Documented in ts2clm

#' Make a climatology from a daily time series.
#'
#' Creates a daily climatology from a time series of daily temperatures using a
#' user-specified sliding window for the mean and threshold calculation, followed
#' by an optional moving average smoother as used by Hobday et al. (2016).
#'
#' @import Rcpp
#'
#' @importFrom data.table %between%
#' @useDynLib heatwaveR
#'
#' @param data A data frame with two columns. In the default setting (i.e. omitting
#' the arguments \code{x} and \code{y}; see immediately below), the data set is
#' expected to have the headers \code{t} and \code{temp}. The \code{t} column is a
#' vector of dates of class \code{Date}, while \code{temp} is the measured variable
#' (by default it is assumed to be temperature). Note that one may also provide
#' hourly time series with the class \code{POSIXct}, but these values must be
#' in even hourly steps (e.g. 2012-01-22 23:00:00 not 2012-01-22 23:01:33).
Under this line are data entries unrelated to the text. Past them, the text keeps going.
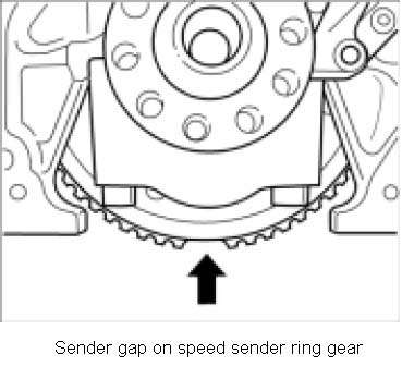 11. Turn the crankshaft so that the sender gap on the speed sender ring gear is pointing downwards to the middle (rough TDC presetting).
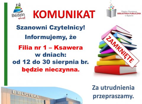 22 SIER Komunikat dot. pracy Filii nr 3 -Dworzec oraz Filii nr 7 - Zamkowe Za utrudnienia przepraszamy.
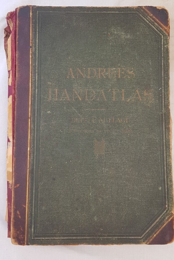 ANDRESS ALLGEMEINER HANDATLAS, to podręczny atlas Świata zawierający 99 map głównych i 82 mapy dodatkowe wraz z indeksem nazw, zamieszczonym na końcu atlasu. Wydanie trzecie całkowicie poprawione i powiększone. Wydanie Instytutu Geograficznego Velhagen&Klasing w Lipsku. Bielefeld&Leipzig 1896. Skład uszkodzony, okładki tekturowe są oddzielone i kilka pierwszych stron. Zasadnicza część składu jest w całości solidnie zszyta i sklejona. Indeks nazw na końcu atlasu jest zupełnie rozsypany i niektóre strony są w kawałkach. W składzie brakuje jednej kartki ze stronami 23 i 24 z mapą wschodniej części Polski. Pozostałe strony atlasu z mapami wg numerów są kompletne i niczego nie brakuje. Format 45x30 cm, grubość całego składu to ok. 5 cm, grubość tekturowej okładki około 5 mm. Waga atlasu to ok. 3 kg. Wysyłka bezpieczna.
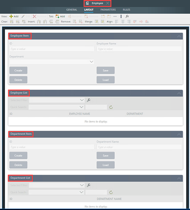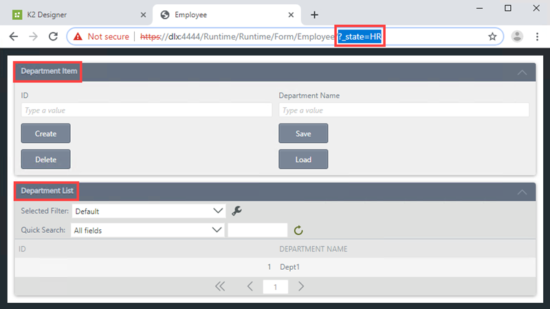 The Employee form opens in a new browser window in designer mode. Type ?_state=HR at the end of the URL and press Enter on your keyboard. The Employee form shows the configured views for the HR state (Department Item and Department List views).
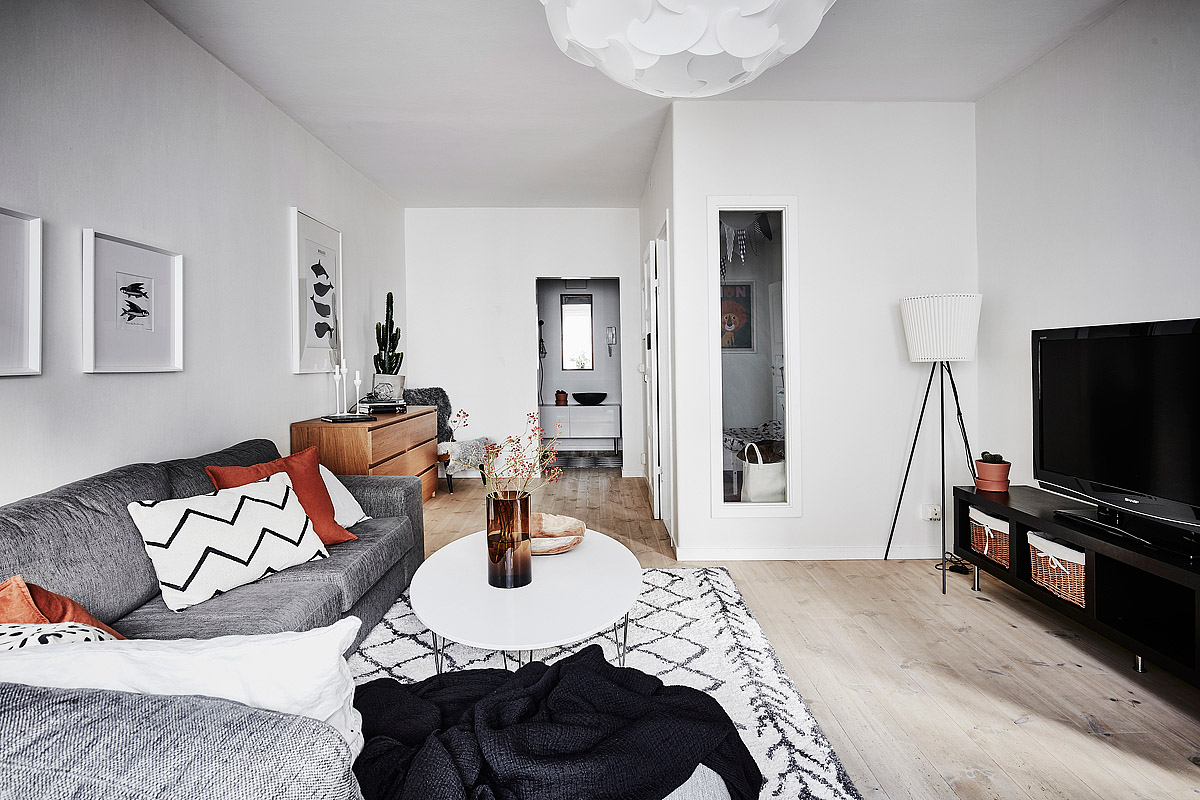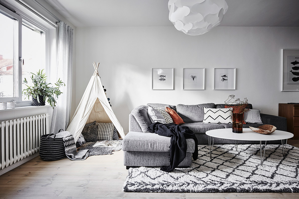 W tej aranżacji pokój dziecka został wydzielony z pokoju dziennego. Mieszkanie jest urządzone w skandynawskim stylu, co widać w każdym pomieszczeniu. Salon, pokój dziecka, sypialnia rodziców oraz kuchnia to jasne pomieszczenia z przewagą koloru białego. W salonie pojawiają się także szarości, beże, brąz oraz czerń, w sypialni granat (narzuta na łóżko), a w pokoju dziecka czerwień (regał, dywanik) oraz wielobarwne dodatki.

#' @param x This column is expected to contain a vector of dates. If a column
#' headed \code{t} is present in the dataframe, this argument may be omitted;
#' otherwise, specify the name of the column with dates here.
#' @param y This is a column containing the measurement variable. If the column
#' name differs from the default (i.e. \code{temp}), specify the name here.
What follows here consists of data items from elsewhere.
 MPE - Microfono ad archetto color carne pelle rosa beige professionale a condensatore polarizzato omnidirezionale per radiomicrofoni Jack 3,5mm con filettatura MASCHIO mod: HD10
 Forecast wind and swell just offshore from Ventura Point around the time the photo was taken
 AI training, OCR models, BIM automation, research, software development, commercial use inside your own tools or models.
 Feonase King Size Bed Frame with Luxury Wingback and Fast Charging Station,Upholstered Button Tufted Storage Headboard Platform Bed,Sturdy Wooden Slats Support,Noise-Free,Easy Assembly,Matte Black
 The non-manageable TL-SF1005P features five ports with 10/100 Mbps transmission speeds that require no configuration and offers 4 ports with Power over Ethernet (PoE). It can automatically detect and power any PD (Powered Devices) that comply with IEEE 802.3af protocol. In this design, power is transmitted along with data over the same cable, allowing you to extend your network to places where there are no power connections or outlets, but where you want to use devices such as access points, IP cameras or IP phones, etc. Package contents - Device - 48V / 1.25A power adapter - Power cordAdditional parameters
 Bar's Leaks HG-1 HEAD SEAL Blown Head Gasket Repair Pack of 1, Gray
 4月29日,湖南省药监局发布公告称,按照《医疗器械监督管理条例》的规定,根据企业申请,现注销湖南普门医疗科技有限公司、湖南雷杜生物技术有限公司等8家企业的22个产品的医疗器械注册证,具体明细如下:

#' @param climatologyPeriod Required. To this argument should be passed two values
#' (see example below). The first value should be the chosen date for the start of
#' the climatology period, and the second value the end date of said period. This
#' chosen period (preferably 30 years in length) is then used to calculate the
#' seasonal cycle and the extreme value threshold. Note that these values are
#' always provided as dates, even if hourly data are being input into the function.
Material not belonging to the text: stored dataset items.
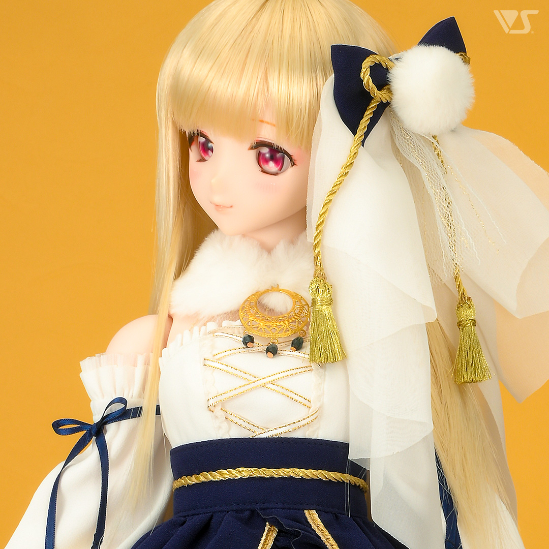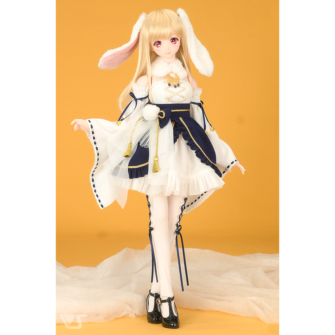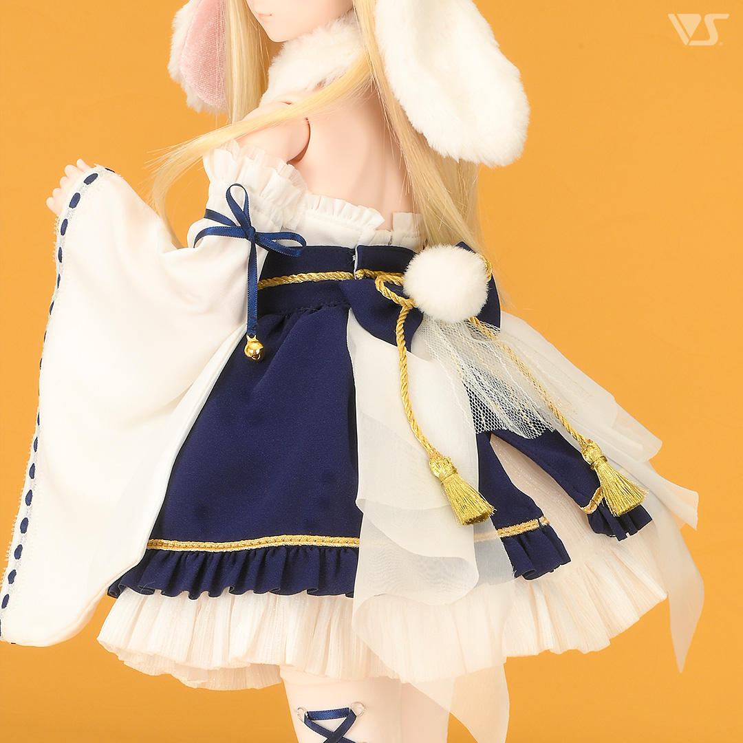 うさぎのように真っ白な生地をメインに、紺色のポイントが入った和風ドレスです。
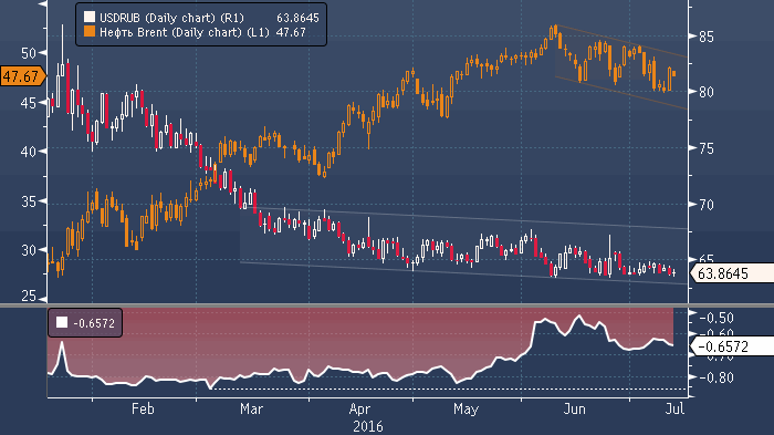 Очевидной тенденцией летнего периода является существенное снижение зависимости динамики курса рубля от цен на нефть. Если в цифрах, то 30-дневная обратная корреляция курса доллар/рубль и цен на нефть марки Brent сократилась до 65.7%, в то время как в начале марта она достигала максимумов на уровне 86.% (прим. Profinance.ru: обратная корреляция 100% говорит, что всегда при росте цен на нефть курс доллар/рубль падает и наоборот. Обратная корреляция 0% сообщает о полном отсутствии зависимости в динамике двух активов).
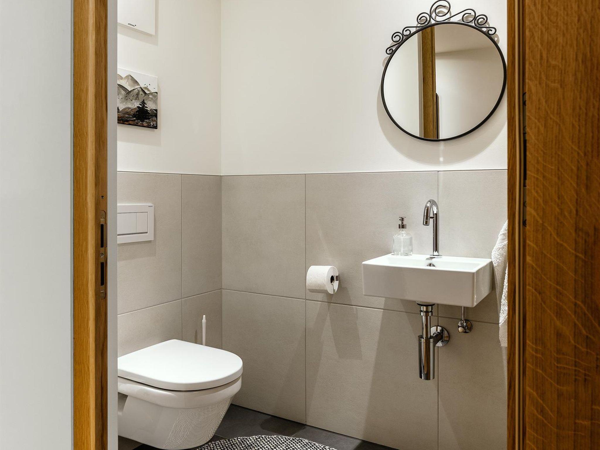 • 1 Badezimmer mit Waschtisch, WC, Dusche

#' @param maxPadLength Specifies the maximum length of days over which to
#' interpolate (pad) missing data (specified as \code{NA}) in the input
#' temperature time series; i.e., any consecutive blocks of NAs with length
#' greater than \code{maxPadLength} will be left as \code{NA}. The default is
#' \code{FALSE}. Set as an integer to interpolate. Setting \code{maxPadLength}
#' to \code{TRUE} will return an error. Note that this will be the number of hours
#' over which to interpolate if an hourly time series is provided.
#' @param windowHalfWidth Width of sliding window about day-of-year (to one
#' side of the center day-of-year) used for the pooling of values and
#' calculation of climatology and threshold percentile. Default is \code{5}
#' days, which gives a window width of 11 days centred on the 6th day of the
#' series of 11 days. Note that this will be the number of hours
#' over which to smooth if an hourly time series is provided.
#' @param pctile Threshold percentile (\%) for detection of events (MHWs).
#' Default is \code{90}th percentile. Should the intent be to use these
#' threshold data for MCSs, set \code{pctile = 10}. Or some other low value.
#' @param smoothPercentile Boolean switch selecting whether to smooth the
#' climatology and threshold percentile time series with a moving average of
#' \code{smoothPercentileWidth}. Default is \code{TRUE}.
#' @param smoothPercentileWidth Full width of moving average window for smoothing
#' climatology and threshold. The default is \code{31}.
#' @param clmOnly Choose to calculate and return only the climatologies.
#' The default is \code{FALSE}.
#' @param var This argument has been introduced to allow the user to choose if
#' the variance of the seasonal signal per doy should be calculated. The default of
#' \code{FALSE} will prevent the calculation, potentially increasing speed of calculations
#' on gridded data and reducing the size of the output. The variance was initially
#' introduced as part of the standard output from Hobday et al. (2016), but few
#' researchers use it and so it is generally regarded now as unnecessary.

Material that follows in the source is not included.